Well, actually, yes I do. And it has been known to get me in trouble a time or two. It seems I haven’t quite lost that childlike aspect of myself.

People rely on their sense of taste and touch and smell almost entirely when they’re young, but seem to lose this sensory dependency as they get older. Right and wrong is explored first through taste and touch, trying to swallow everything at hand, trying to touch everything that’s new — in both cases prematurely aging their parents in the process. And when asked to try a new food, they’ll sniff it first, wrinkling their nose and rejecting the food if the scent falls too far outside of the familiar.

Younger children prefer blander foods not because they lack sophistication, but because even the simplest taste overwhelms their unfiltered receptivity. Anyone exposed to babies know that anything within the grasp of an infant is first put into the baby’s mouth, to be chewed on and swallowed if possible. I, personally, have been chewed by more babies than I care to remember, and that includes kittens and puppies in addition to human babies.

And be honest — did you really believe your Older Significant Person when he or she said the fire or the stove was hot? The first time?

Survival dictates that we learn from our senses, quickly, until we’re at an age of reason and can think our way out of troubles.

(With wars and crime and addictions to various materials, I’m not quite sure when the age of reason will hit, but I have hopes for the future.)

As we mature and rely on our senses less, we have to find larger and larger sensory inputs in order to break into the creaking, whirring, machines that are our minds.

We increase our use of spices as we burn our mouths with the hottest peppers and chilis, not stopping until we literally sweat from five-star Thai food or five alarm chili.

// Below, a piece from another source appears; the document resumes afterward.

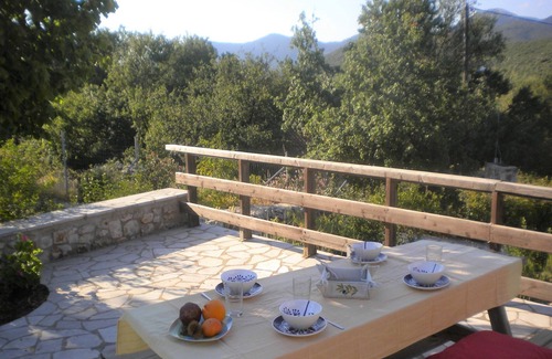 La maison de vacances et deux autres maisons restaurées forment un petit quartier. Les trois maisons de vacances restaurées forment un petit quartier dans un grand jardin de 10 000 m2. Ils offrent une vue unique sur le jardin, les sommets du mont Parnon et le village voisin d'Amygdalia. Maintenant, après une restauration récente, les maisons conservent les caractéristiques morphologiques les plus importantes des murs en pierre, la cheminée, le style typique des Arcadiens. La maison est située entre les plages et les villages de montagne de Leonidio. Les plages voisines de Fokianos et Poulithra sont à 15-20 minutes en voiture (12 km). Le mont Parnon et la ville de Leonidio sont à 18 km. Un paysage calme, sur un plateau à 650m d'altitude. La température est donc inférieure de 4 à 6 degrés à celle de la ville ou de la côte. Il y a une atmosphère fraîche et sèche, agréable pour les nuits d'été. La région est populaire pour la plongée, la randonnée et l'escalade. Cette maison est idéale pour des vacances reposantes, une base pour l'escalade, la randonnée et pour explorer le Péloponnèse. Il convient à la location à long terme (salon spacieux et agréable, machine à laver, cuisine).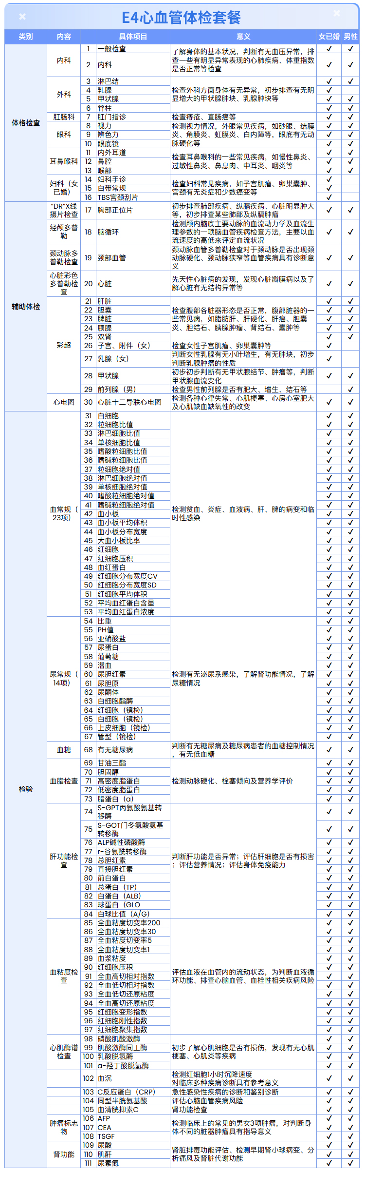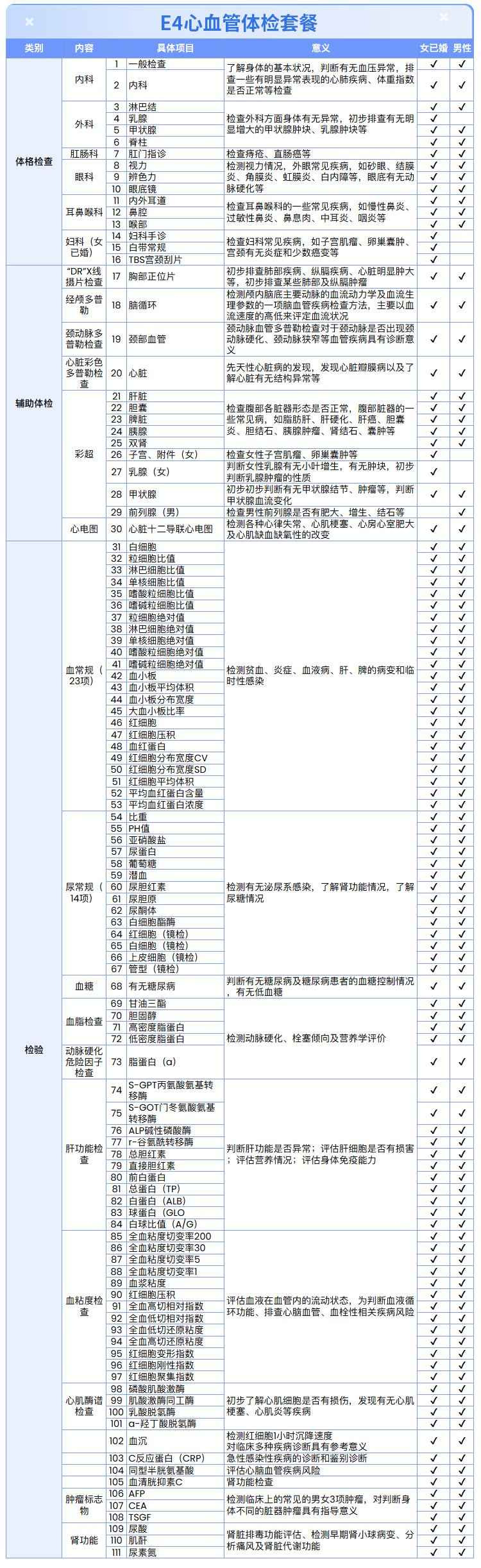 【男女通用|心脑血管专项深检】含颈动脉/心脏/经颅多普勒+心肌酶谱+七彩超+肿瘤三项 E4

Why use one clove of garlic when we can use 40?

We use packaged apple pie smell and packaged lemon smell and packaged “Spring Fresh Scent” and so on, until our homes and our bodies reek of undifferentiated stink.

We buy books on how to touch each other, how to touch our children, and even the appropriate way to perform a handshake. For instance, I read that before going into an interview, always go to the restroom, wash your hands in warm water and then dry them completely. When grasping hand, do so with confidence, firm but not too firm. No cold and clammy hands. No weak and tentative grasp.

We think, therefore we are. Or the Postmodern equivalent — it thinks therefore I am only if I recognize that I have the capacity of thought to appreciate that it thinks independent of its own capability of understanding that it can think without being aware of its own self and its own appreciation of self within a greater cosmic awareness.

Me thinks, at times, we think too much.

Isn’t it nice when we shut down our minds and let our child out to play?

To breath the salty, weedy smell of freshly mown hay or the rich, fresh smell of huckleberry plants in the midst of tall green pines. To close eyes and drink in the scent of freshly baked bread, or clean laundry hung out to dry. To walk in gardens of lavender and lilacs.

To taste a wild strawberry, still warm from the sun. To savor the sweet crispness of a fresh apple or the bite of good, sharp cheese. And chocolate. Mustn’t forget chocolate — the only taste known to break through even the most dedicated intellect.

To touch a stone worn smooth by flowing water and to feel its coolness and the softness of its surface. To hold sand in your hand and let it slip through your fingers. To face someone you love and move your hand slowly and gently down their face, from temple to chin, feeling the curves until you place two fingers lightly on lips soon joined to yours.